WORK TO BE COMPLETED: Write out the listing from the line with "Your vase looks" to the line with "ZARA WOMAN COLLECTION", both lines included, exactly and nothing beyond. Leave pictures out.
#### DATA PROVIDED ####
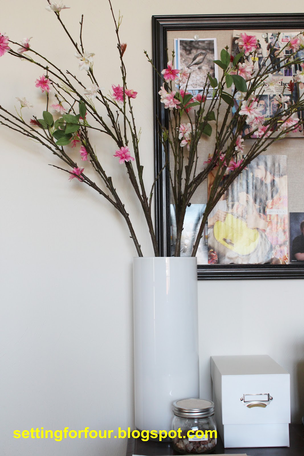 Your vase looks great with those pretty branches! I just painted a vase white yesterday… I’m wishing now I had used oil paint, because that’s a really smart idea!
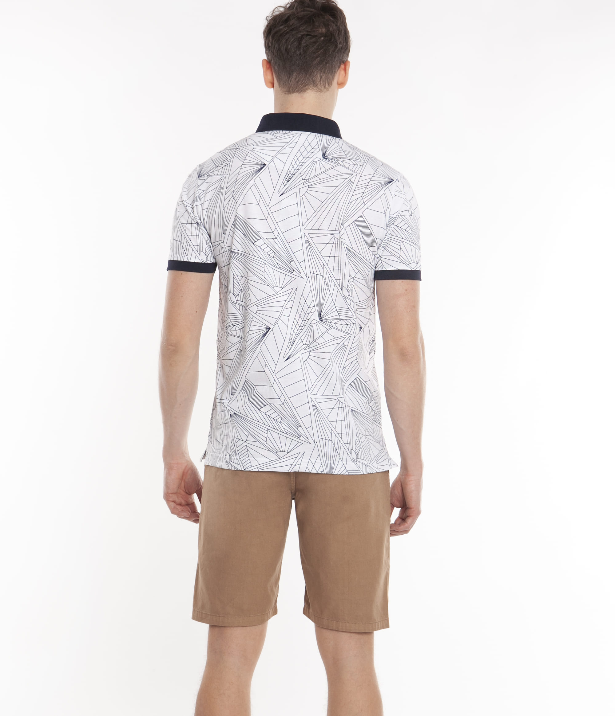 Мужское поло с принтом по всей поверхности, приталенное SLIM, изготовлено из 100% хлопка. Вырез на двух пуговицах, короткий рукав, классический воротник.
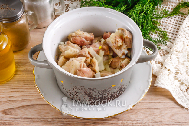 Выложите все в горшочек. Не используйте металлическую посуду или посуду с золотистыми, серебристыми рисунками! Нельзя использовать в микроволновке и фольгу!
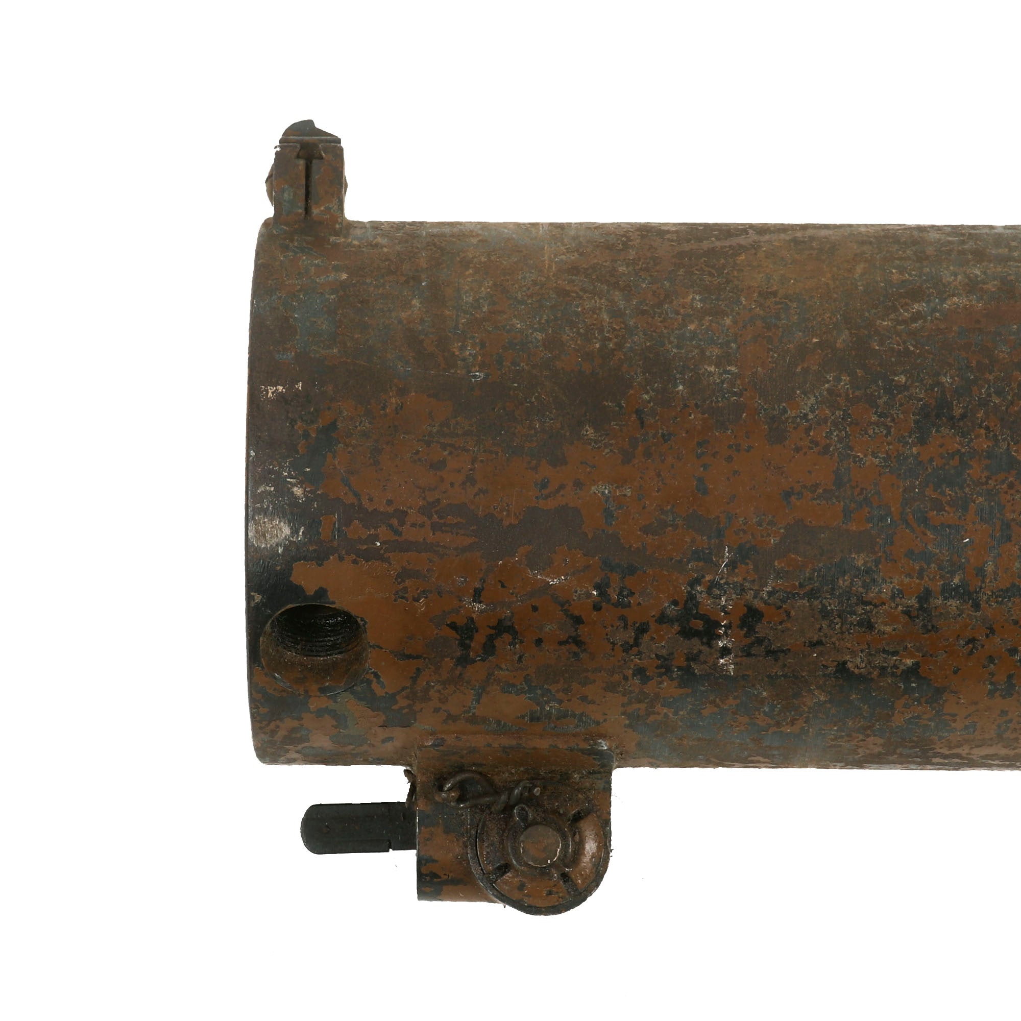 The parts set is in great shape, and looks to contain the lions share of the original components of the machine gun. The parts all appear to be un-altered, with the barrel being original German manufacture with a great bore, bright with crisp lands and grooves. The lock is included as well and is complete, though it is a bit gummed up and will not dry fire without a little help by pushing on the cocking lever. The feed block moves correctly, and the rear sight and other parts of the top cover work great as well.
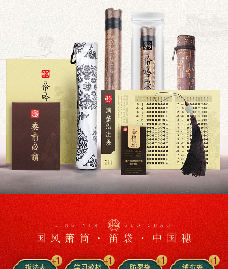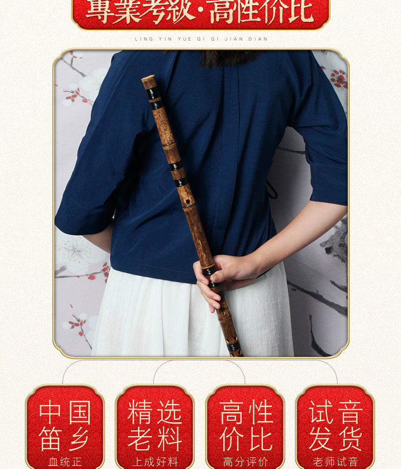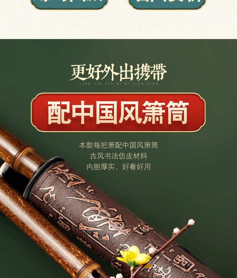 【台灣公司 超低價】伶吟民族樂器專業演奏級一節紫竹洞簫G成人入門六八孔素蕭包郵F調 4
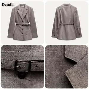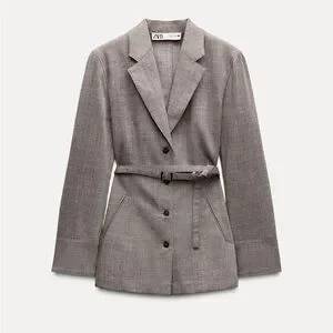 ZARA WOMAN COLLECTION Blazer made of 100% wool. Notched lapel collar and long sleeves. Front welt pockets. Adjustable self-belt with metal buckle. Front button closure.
####
#### DATA PROVIDED ####
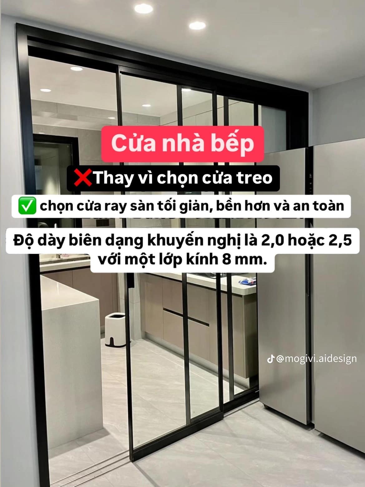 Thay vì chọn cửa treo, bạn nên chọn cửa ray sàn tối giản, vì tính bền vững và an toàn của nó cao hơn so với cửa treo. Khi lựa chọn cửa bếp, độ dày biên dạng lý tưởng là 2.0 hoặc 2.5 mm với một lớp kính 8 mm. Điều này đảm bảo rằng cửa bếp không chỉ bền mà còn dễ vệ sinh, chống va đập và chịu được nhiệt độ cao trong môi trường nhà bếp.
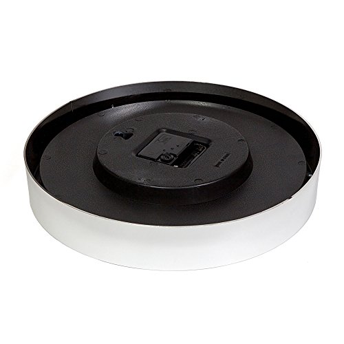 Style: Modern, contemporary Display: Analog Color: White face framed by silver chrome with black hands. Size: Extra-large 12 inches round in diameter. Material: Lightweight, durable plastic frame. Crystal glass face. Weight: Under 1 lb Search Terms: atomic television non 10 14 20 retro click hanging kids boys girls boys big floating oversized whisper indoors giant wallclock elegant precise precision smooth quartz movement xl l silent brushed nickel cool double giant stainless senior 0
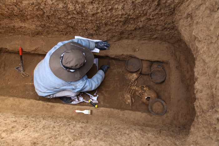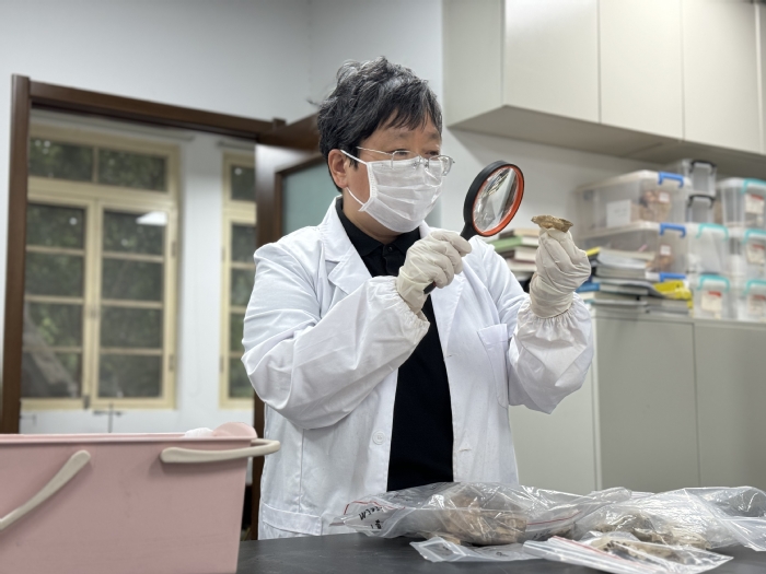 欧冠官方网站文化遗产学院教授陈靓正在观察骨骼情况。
####
#### DATA PROVIDED ####
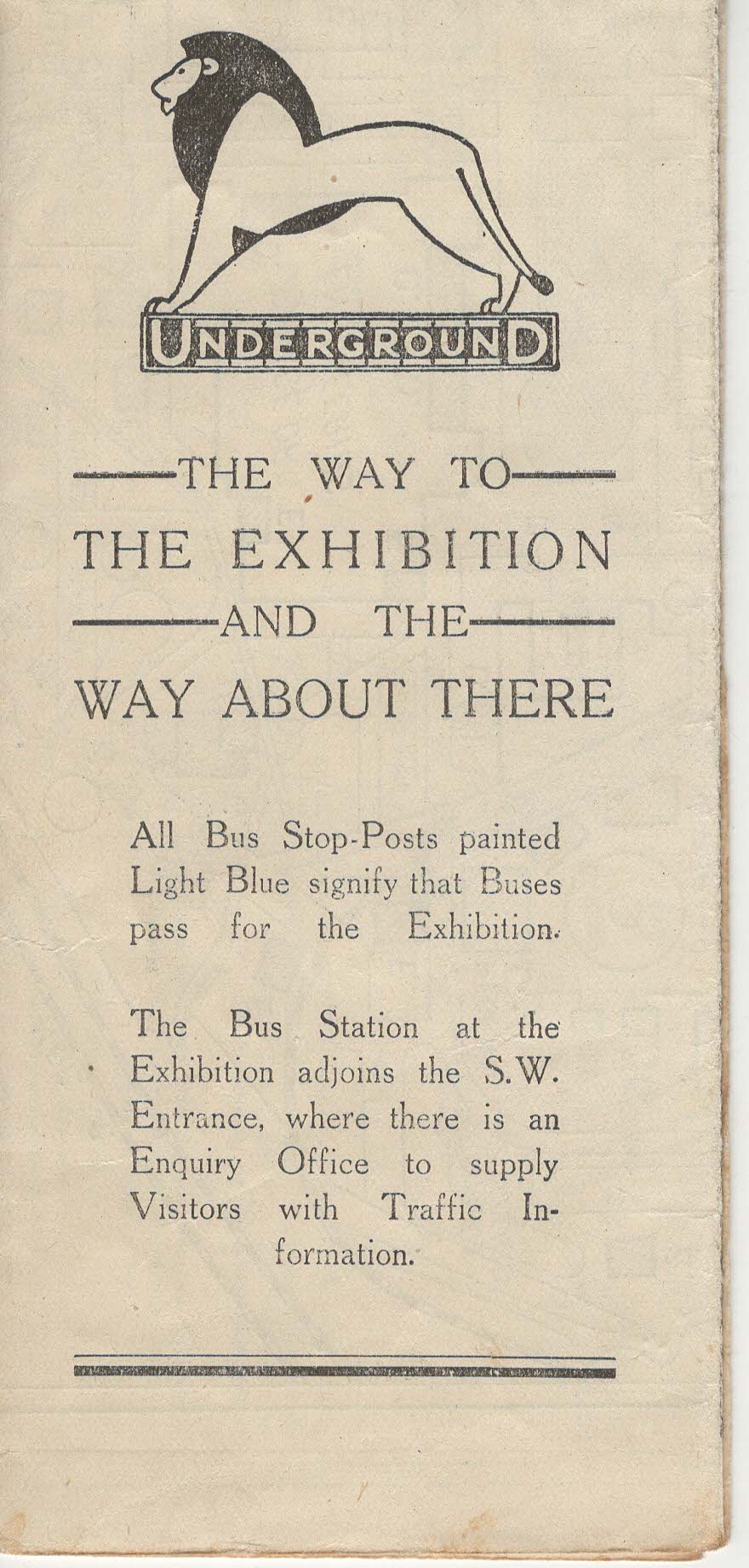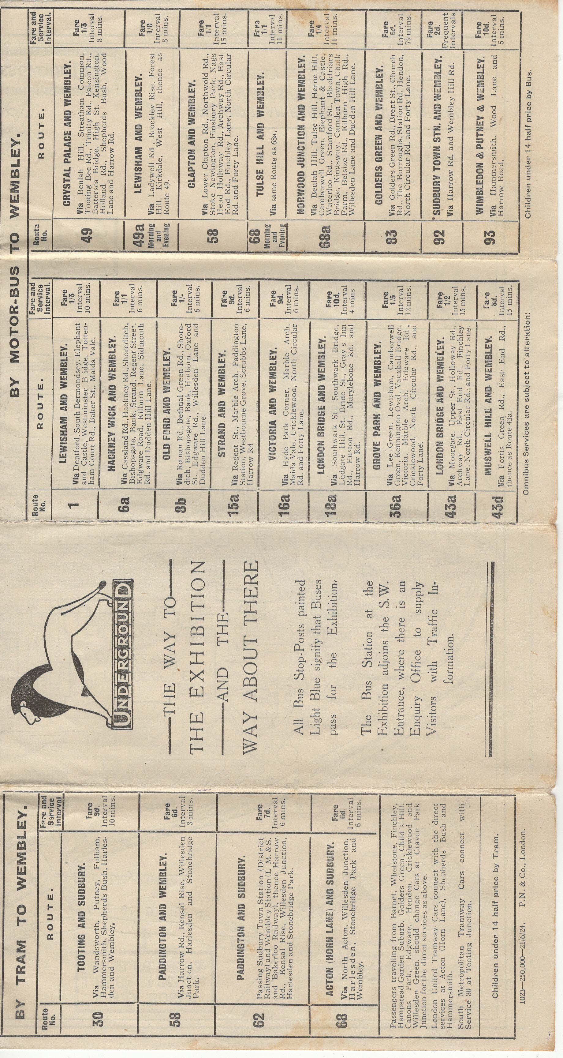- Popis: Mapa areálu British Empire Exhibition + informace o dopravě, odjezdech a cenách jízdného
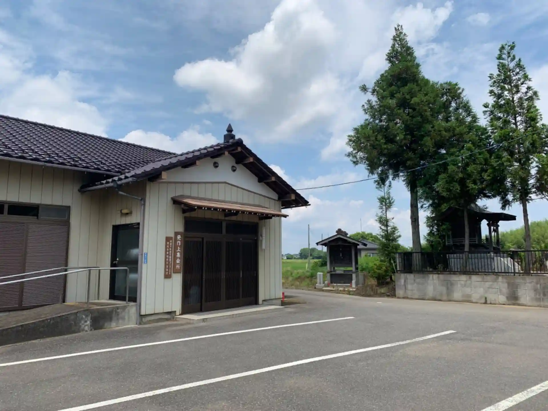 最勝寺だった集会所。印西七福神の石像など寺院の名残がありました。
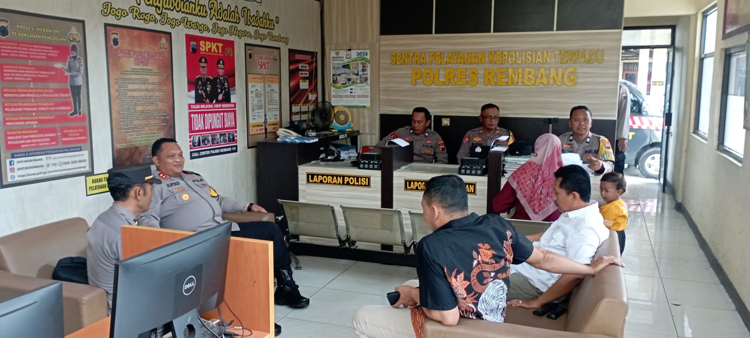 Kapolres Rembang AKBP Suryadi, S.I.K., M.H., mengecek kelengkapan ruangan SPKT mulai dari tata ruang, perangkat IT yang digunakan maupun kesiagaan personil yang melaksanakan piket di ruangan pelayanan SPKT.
####
RESULT FOR THIS TASK:
 Your vase looks great with those pretty branches! I just painted a vase white yesterday… I’m wishing now I had used oil paint, because that’s a really smart idea!
 Мужское поло с принтом по всей поверхности, приталенное SLIM, изготовлено из 100% хлопка. Вырез на двух пуговицах, короткий рукав, классический воротник.
 Выложите все в горшочек. Не используйте металлическую посуду или посуду с золотистыми, серебристыми рисунками! Нельзя использовать в микроволновке и фольгу!
 The parts set is in great shape, and looks to contain the lions share of the original components of the machine gun. The parts all appear to be un-altered, with the barrel being original German manufacture with a great bore, bright with crisp lands and grooves. The lock is included as well and is complete, though it is a bit gummed up and will not dry fire without a little help by pushing on the cocking lever. The feed block moves correctly, and the rear sight and other parts of the top cover work great as well.
 【台灣公司 超低價】伶吟民族樂器專業演奏級一節紫竹洞簫G成人入門六八孔素蕭包郵F調 4
 ZARA WOMAN COLLECTION Blazer made of 100% wool. Notched lapel collar and long sleeves. Front welt pockets. Adjustable self-belt with metal buckle. Front button closure.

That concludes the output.